In mass spectrometry-based proteomics, protein identification is an essential task. Evaluating the statistical significance of the protein identification result is critical to the success of proteomics studies. Controlling the false discovery rate (FDR) is the most common method for assuring the overall quality of the set of identifications. Existing FDR estimation methods either rely on specific assumptions or rely on the two-stage calculation process of first estimating the error rates at the peptide-level, and then combining them somehow at the protein-level. We propose to estimate the FDR in a non-parametric way with less assumptions and to avoid the two-stage calculation process.

RESULTS

We propose a new protein-level FDR estimation framework. The framework contains two major components: the Permutation+BH (Benjamini-Hochberg) FDR estimation method and the logistic regression-based null inference method. In Permutation+BH, the null distribution of a sample is generated by searching data against a large number of permuted random protein database and therefore does not rely on specific assumptions.

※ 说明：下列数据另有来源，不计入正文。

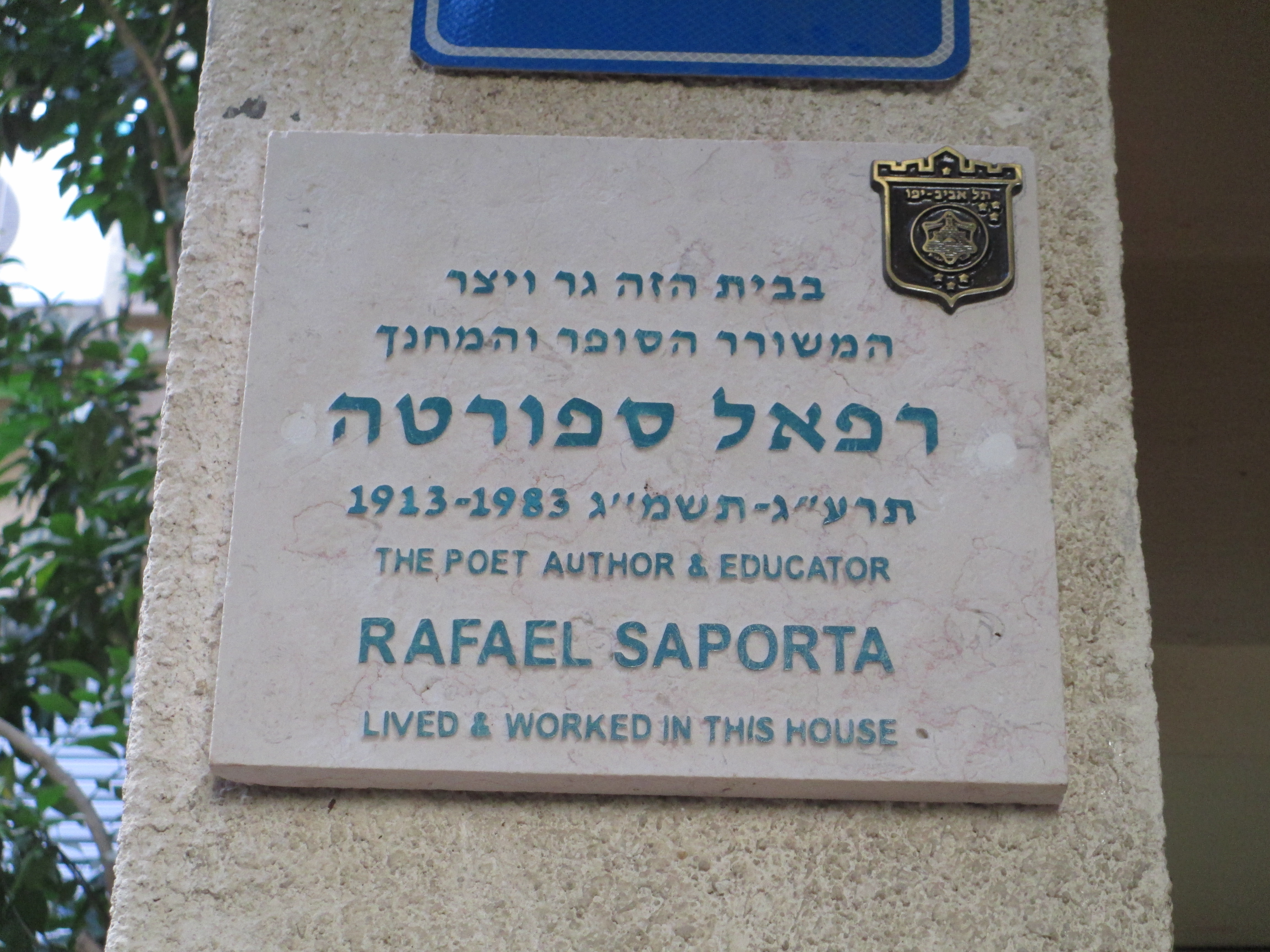 memorial plaque on the poet rafael saporta house in tel aviv לוחית זיכרון על ביתו של המשורר רפאל ספורטה ברח' אלכסנדר ינאי 18 בתל אביב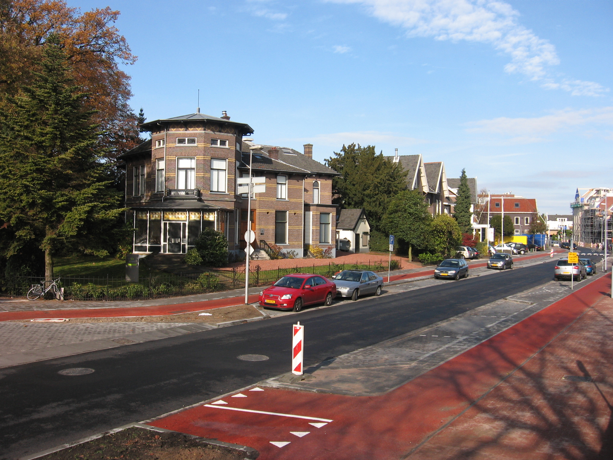 City Hall with handrail on the staircase by Henk Dannenburg (1974) at the Brinklaan in Bussum/The Netherlands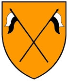 Internal coat of arms of the Bundeswehr (Armed Forces of the Federal Republic of Germany). → Remarks on naming and categorization scheme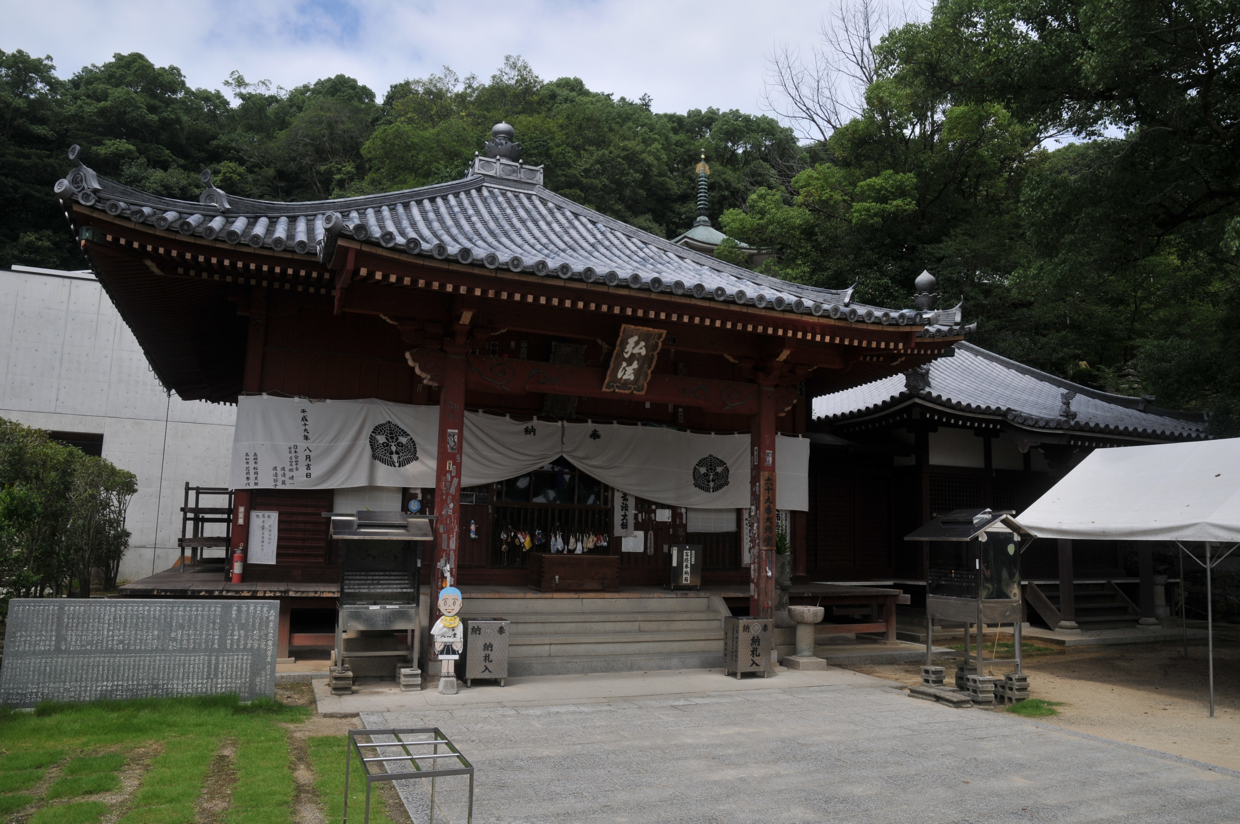 Daishi-dō(left side) and Aizen-dō(right side), Kannon-ji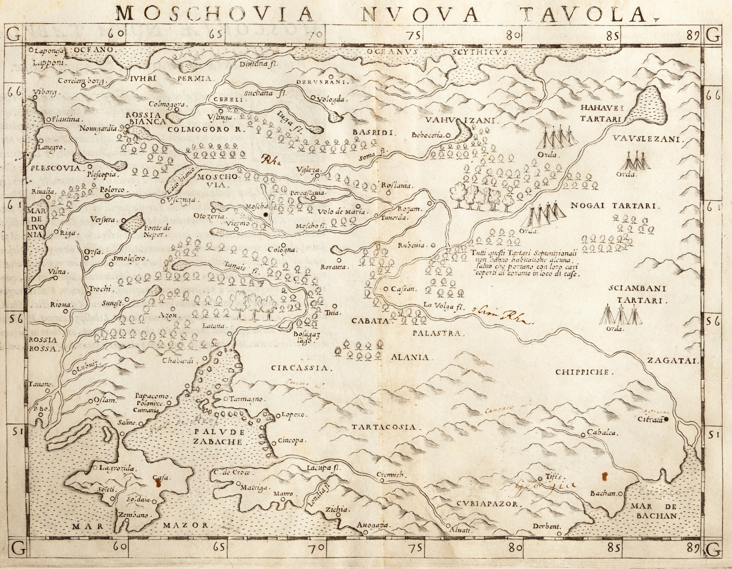 A New Map of Muscovy (Moschovia Nuova Tavola), an extra-Ptolemaic map from Roscelli's atlas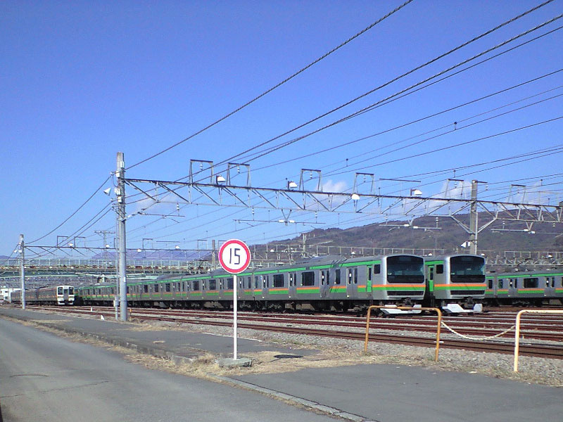 JR East Kozu Rolling Stock Center in Odawara, Kanagawa. Taken from outside the site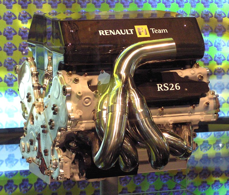 Renault F1: Renault RS26 (2006), V8 engine, 2,398cc, at the Salão Internacional do Automóvel (International Automobile Trade Show).

Then, p-values of proteins are calculated from the null distribution and the BH procedure is applied to the p-values to achieve the relationship of the FDR and the number of protein identifications. The Permutation+BH method generates the null distribution by the permutation method, which is inefficient for online identification. The logistic regression model is proposed to infer the null distribution of a new sample based on existing null distributions obtained from the Permutation+BH method.

CONCLUSIONS

In our experiment based on three public available datasets, our Permutation+BH method achieves consistently better performance than MAYU, which is chosen as the benchmark FDR calculation method for this study. The null distribution inference result shows that the logistic regression model achieves a reasonable result both in the shape of the null distribution and the corresponding FDR estimation result.

摘要

背景

在基于质谱的蛋白质组学中，蛋白质鉴定是一项必不可少的任务。评估蛋白质鉴定结果的统计显著性对于蛋白质组学研究的成功至关重要。控制假发现率（FDR）是确保鉴定集整体质量的最常用方法。现有的 FDR 估计方法要么依赖于特定的假设，要么依赖于首先估计肽级别的错误率，然后以某种方式在蛋白质级别组合它们的两阶段计算过程。我们建议以较少的假设和避免两阶段计算过程的非参数方式估计 FDR。

结果

我们提出了一种新的蛋白质水平 FDR 估计框架。该框架包含两个主要组件：置换+BH（Benjamini-Hochberg）FDR 估计方法和基于逻辑回归的无效推断方法。在置换+BH 中，通过对大量置换随机蛋白质数据库进行搜索来生成样本的零分布，因此不依赖于特定的假设。然后，从零分布计算蛋白质的 p 值，并应用 BH 过程对 p 值进行处理，以获得 FDR 和蛋白质鉴定数量之间的关系。置换+BH 方法通过置换方法生成零分布，对于在线鉴定效率不高。我们提出了逻辑回归模型，基于置换+BH 方法获得的现有零分布来推断新样本的零分布。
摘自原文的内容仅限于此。